Thursday, August 26, 2010


I think a light bulb just went off in my head. I'm watching this year's Emmy Roundtable (Newsweek does this every year and it's pretty cool to see the Emmy nominees sit around a table and talk to each other about film, roles, and acting), and Bryan Kranston of Malcolm in the Middle and Breaking Bad is making all kinds of sense to me.

He's sitting next to Chris Colfer of Glee, and it is clear that Bryan feels a need to reach out to the younger actor with advice. And it's not from a sense of "listen here, sonny", but rather - hey, this is the hard lesson I learned, and I hope you learn it faster than I did. More than that, it's pretty awesome advice. About an hour into the discussion, he starts talking about the audition process, and there is so much of that which makes sense with the dating process. This is what resonated with me in that section of the interview:

"Our job is to create a compelling character that serves the text and ... to give them something, we don't audition to get something. ... If they respond to it, great. If they don't, that's ok, too. If you feel that you're there to get that job, it could only hurt you. You have to detach yourself from some idea of an outcome. It's someone else's decision - they'll either like your voice, hair, etc., or they won't. To bother yourself with thinking about those things... meh.

...The end product for an actor's audition has to be that moment in the room...If you leave the room and say, "I did what I wanted to do, I felt great about that" - that has to be the victory. It cannot be, "It's a victory only if they call me because they want to hire me", because if they don't, it's another little chink, and another little chink (in the armor). They become embittered. We all know actors who are pissed off... because they focus on the wrong thing. The other is the x factor - and that is luck, which you can't control."

(italics mine)

*ding* *ding* *ding*

Who hasn't felt that chinking away of the armor when yet another date goes poorly? Or, when yet another person for whom you've developed feelings doesn't feel the same? Lights go on everywhere for me when he says this. For a while I've been fighting this acrid bitterness that arises in my heart when I am disappointed in love. Going back to my previous post, I *know* that one should not become bitter, but that is what I feel when time after time my heart is hurt.

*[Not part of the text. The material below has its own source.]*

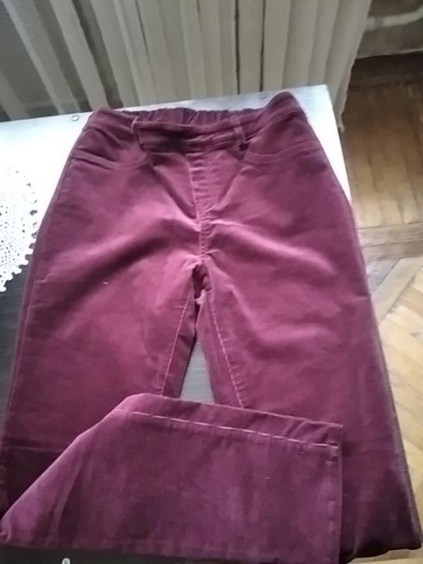Очень нарядно сморятя как из бархата. Новые, не разу не одеты, без бумажных бирок. По высоте- по косточки. Размер "L" полномерки. Пошиты по типу джинсов, но без заклепок и зипера. в поясе резинка по спинке. Стрейч. Замеры по запросу
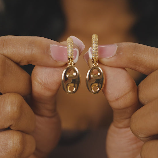 Indulge in luxury with our Bliss CZ Anchor Chain Micro Hoop Earrings. The elegant cz micro hoop is adorned with a delicate anchor chain dangle pendant, adding a touch of sophistication to any outfit. Elevate your style and make a statement with these exclusive earrings.

Approaching dating as trying to get something - with the end result in mind, as it where - for me has only ever set up a lose-lose situation in which anger and bitterness so easily take over. But making my goal to give something - an accurate representation of who I am and what I have to offer - then letting it go... just sounds so much more reasonable, and feels so liberating to contemplate. I've talked before about having a receptive (rather than desperate) quality, and I think this is what that looks like. Eureka.

I can see how this would help me to retain that emotional control and positivity, as would trusting them to know what their needs are, and whether or not I have what they need. And it allows me to leave (some of) the angst at the door. I'm going to fuck this up, and forget the 'pow' of this light bulb moment, but I'm hoping that recording this here will give me something to go back to, to read and re-remember, and hopefully that will stick at the cellular level if I am just patient with myself.

I've been wanting to despair, but his words give me hope. Gonna give it one (or how ever many it takes) more try.